Trump’s campaign, however, offered little detail on design, or how the wall would function in the rough border terrain. The administration has since revealed several prototypes, but the final plans remain ambiguous and unfunded by lawmakers.
Despite Trump’s vague proposal, he will soon use the enigmatic wall as a bottom-line for negotiations on DACA (Deferred Action for Childhood Arrivals) legislation, requiring funding for construction in exchange for his signature on the bill.
But Trump can score a major legislative victory – one that protects undocumented children and implements tough border security measures – by bargaining for a different version of the wall.
Specifically, one without traditional brick and mortar components.
Trump’s action on DACA began last September when he revoked the Obama-era program- one that protects some 800,000 undocumented children (Dreamers) from deportation- arguing that it was an unconstitutional use of presidential authority.
In an effort to find a permanent solution for Dreamers, Trump gave Congress six months to codify the program before it was terminated. Met with outrage from DACA supporters, Trump nonetheless insisted that legislation was the best way to shield undocumented children from removal.
In addition to being constitutionally sound, it was also a politically savvy decision.
By terminating DACA, Trump satisfied his supporters who expect a rollback of progressive Obama-era immigration policies.
Trump has also forced Democrats to bargain on legislation that protects Dreamers, but may also codify the same anti-immigration measures he campaigned on in 2016.
So, as Congress reconvenes after the holiday recess, DACA negotiations will turn on several ideological and policy-based goals of the administration and congressional leaders.
For Democrats, their primary goal is to install permanent protections for Dreamers. By granting 800,000 undocumented people temporary residency, DACA would shift US policy toward a more pro-immigration approach favored by liberals. Not only would this pay political dividends now, but Democrats could use DACA as a basis to bargain for additional liberal reforms in the future.
In addition to fulfilling their immigration platform, Democrats also value future electoral support from Dreamers. A majority of Dreamers are Hispanic, a demographic that largely supports liberal policies and the Democratic Party. With the support of Dreamers in future elections, Democrats can confidently pursue social policies that complement their legislative goals.
Lastly, though just as important, Democrats want to stop construction of the border wall. Seen by liberals as a costly exposition of xenophobia, congressional funding for the wall would be a huge victory for Trump, and a devastating loss for Democrats. Indeed, the wall is such anathema to congressional Democrats that their leadership refuses to broker any deal that funds construction.
On the other side of the aisle, Congressional Republicans are demanding that a variety security measures be included with the DACA bill.
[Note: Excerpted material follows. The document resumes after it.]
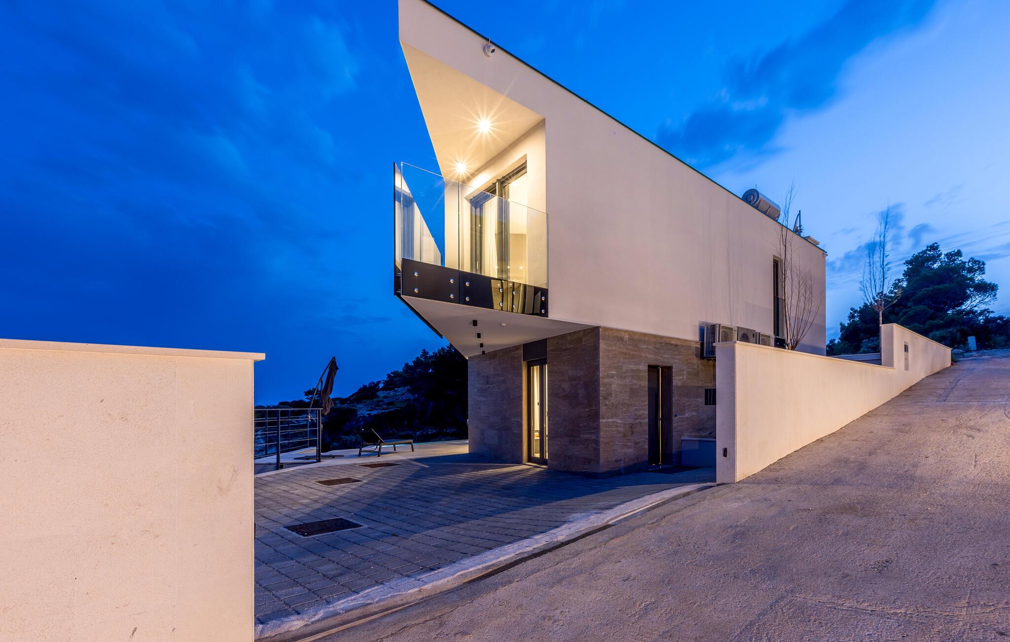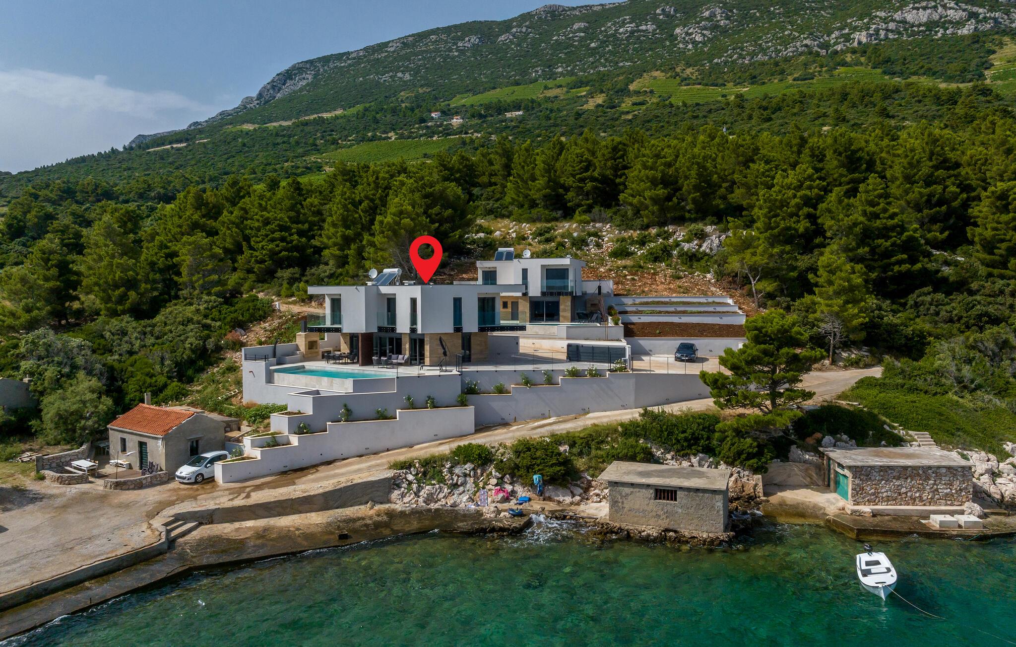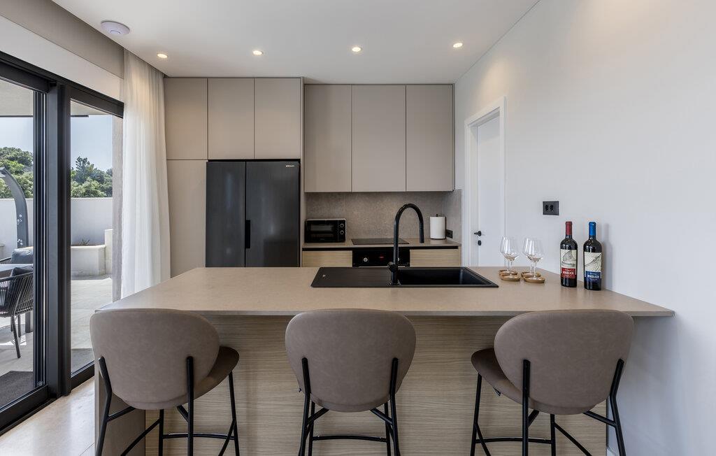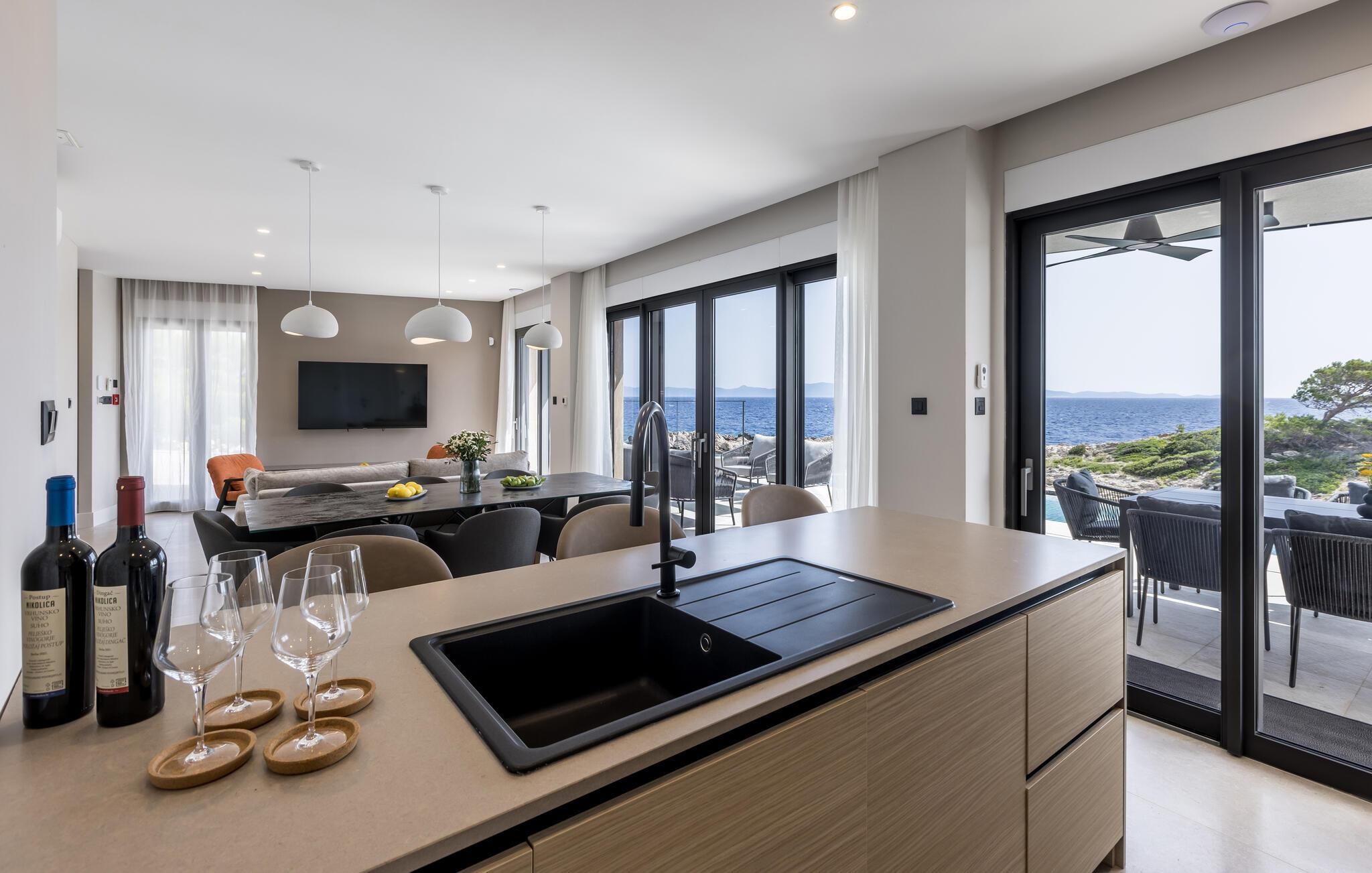 Diese moderne und komfortable Villa genießt eine privilegierte Lage direkt am Meer und lädt Sie zu erholsamen Tagen in ihr elegantes und behagliches Interieur ein. Lassen Sie sich zu kulinarischen Highlights inspirieren und genießen Sie Ihre Mahlzeiten im hellen, offenen Wohnbereich mit Blick auf die azurblaue Adria. Abends können Sie es sich auf dem bequemen Sofa gemütlich machen, Ihre Lieblingsserie streamen oder in der Sauna entspannen.

To please conservative voters and reduce illegal immigration, these provisions include additional fencing, technology that detects illegal crossings and funding for more Border Patrol agents.
In addition, Trump has called for the end of chain and lottery immigration systems. These policies, respectively, allow family members of US citizens and people from underrepresented countries to receive permanent residency. Citing the New York City subway bombing last December, Trump has argued that these programs allow foreign terrorists to enter the country.
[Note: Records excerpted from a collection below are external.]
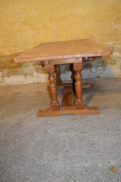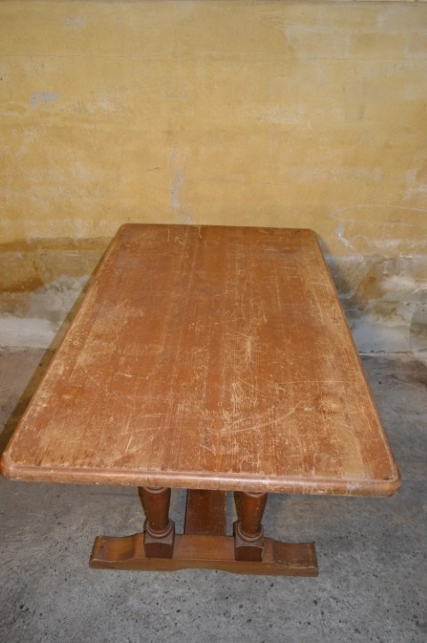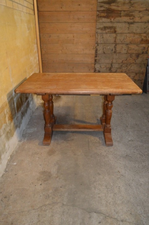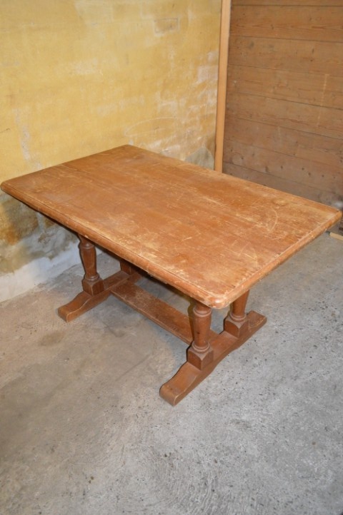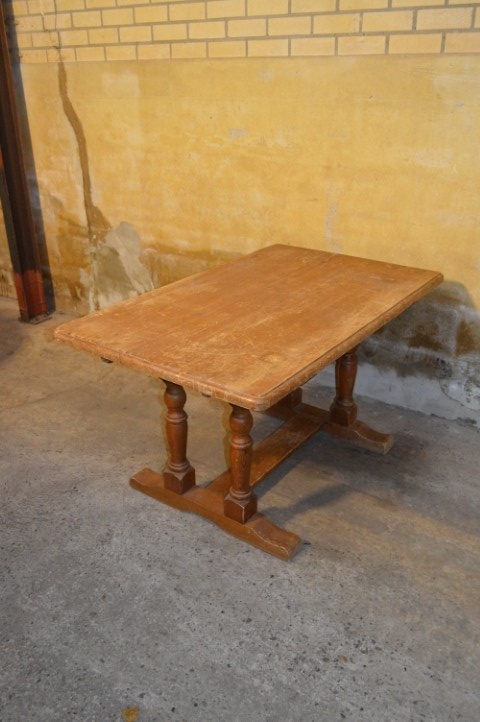Deze tweedehands tafel heeft gebruikssporen die perfect passen bij zijn robuuste karakter. Wilt u hem een frisse uitstraling geven? Dan kunt u hem eenvoudig opnieuw lakken, schilderen of terugbrengen naar een lichte houtkleur. Een veelzijdige, stijlvolle tafel die moeiteloos past in landelijke, vintage en rustieke interieurs.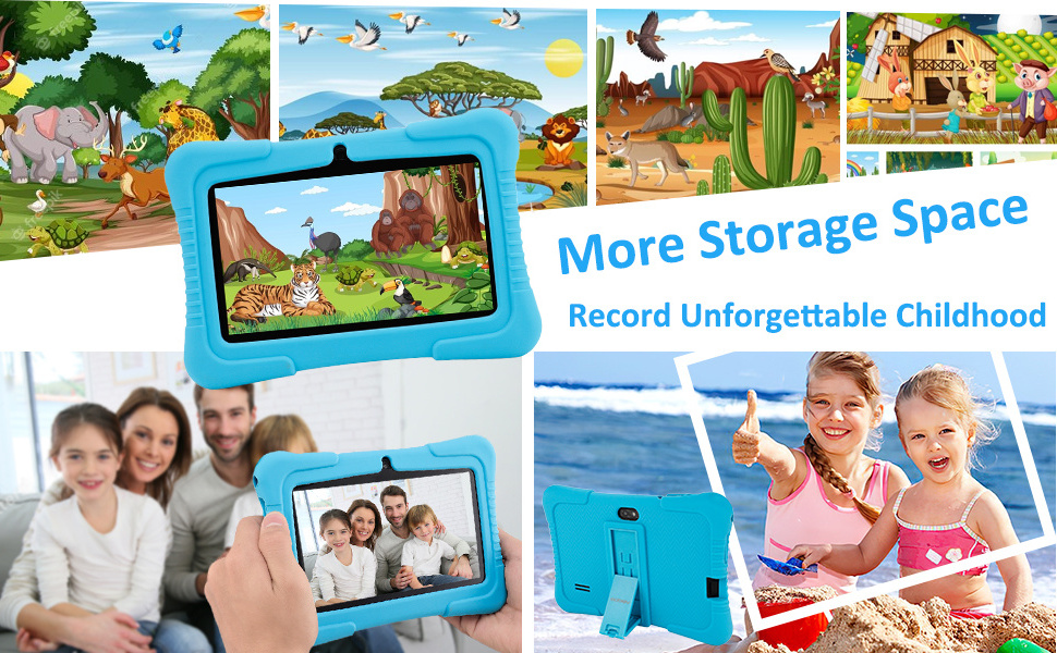 Veidoo Kids Tablet with 16G ROM can save unforgettable memories with maximum extension 64GB by SD card.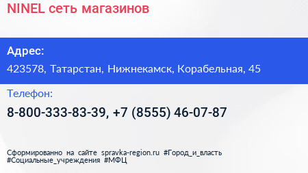 NINEL, сеть магазинов по адресу 423578, Татарстан, Нижнекамск, Корабельная, 45 в дальнейшем Организация, размещена в следующих категориях: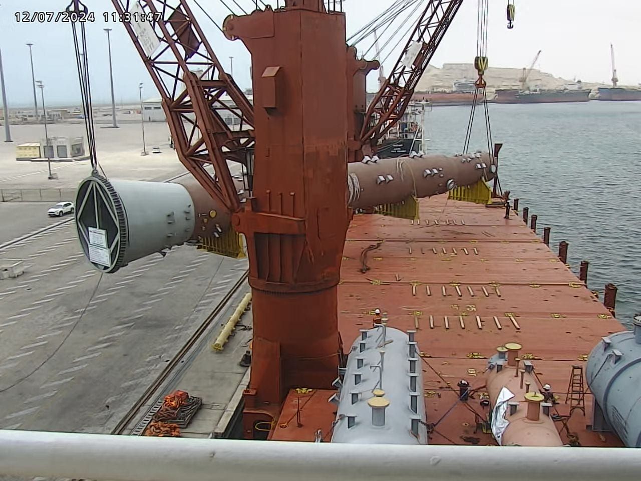 Challenging conditions required expert logistics planning: in Oman, heavy rains had damaged primary transport routes, necessitating extensive civil works and alternative access. Due to insurance restrictions related to the Red Sea, the cargo was rerouted around the Cape of Good Hope — a detour that added distance, time, and exposure to rough sea conditions, demanding high-precision handling on deck.

Of course, Trump’s most emphatic demand is for a border wall. Though it served as a free rhetorical tool during his campaign rallies, a permanent barrier covering the roughly 1,900 mile border would be expensive. Despite the cost and congressional opposition, Trump holds funding for the wall as an essential component to any DACA deal.
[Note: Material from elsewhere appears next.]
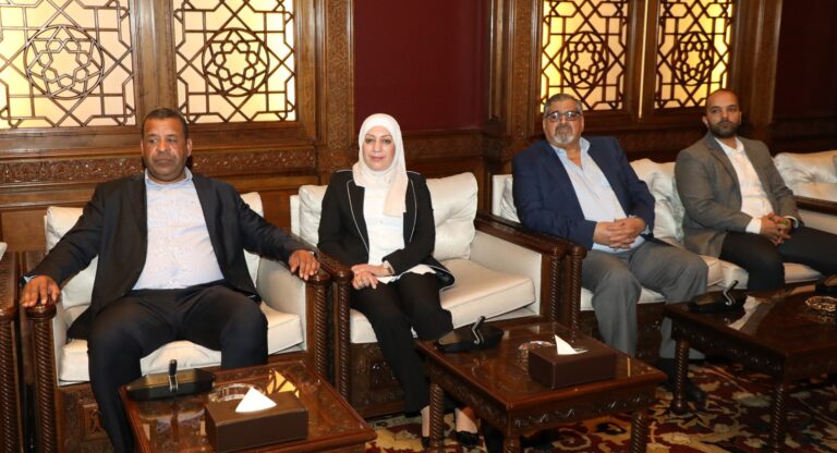 خلال لقائه اعضاء المكتب التنفيذي لاتحاد نقابات العمال ووفدا نسائيا

And so, the border wall constitutes the edge of both parties’ bargaining zones in the upcoming DACA negotiation. Because Democrats are unlikely to agree to a bill that funds a new barrier, Trump will need to find a way pass a bill that still includes the wall he promised his supporters.
For Trump, this means negotiating for a wall in a metaphorical sense, rather than literal.
After more than a year of promoting a physical wall without any tangible results, Trump must pivot to policies that build a symbolic barrier that continues to galvanize his base. More than likely, Trump supporters have wised to the notion that Mexico will not pay for a wall, nor is construction possible across the entire border.
Instead, alternative security measures – ones that prevent illegal immigration without a physical barrier – would still deter illegal border crossings and assuage the concerns of Trump voters.
These provisions include existing Republican demands of electronic detection systems, strategically placed fencing, more federal agents on patrol and limitations on chain and lottery immigration.
Additionally, a DACA bill without a physical wall pressures Democrats into backing a program they must deliver to their base. Refusal to support DACA because of wall funding would be tolerated by liberals, but failure to protect Dreamers because of banal provisions like electronic surveillance would be politically unacceptable for Democrats.
So, Trump can score a major legislative victory if he pivots away from the worn concept of a physical wall along the border. Not only can he secure funding for immigration deterrents that would satisfy his campaign promises, he can claim responsibility for passing liberal immigration policy that the protects the very Hispanic voters Democrats are counting on in future elections.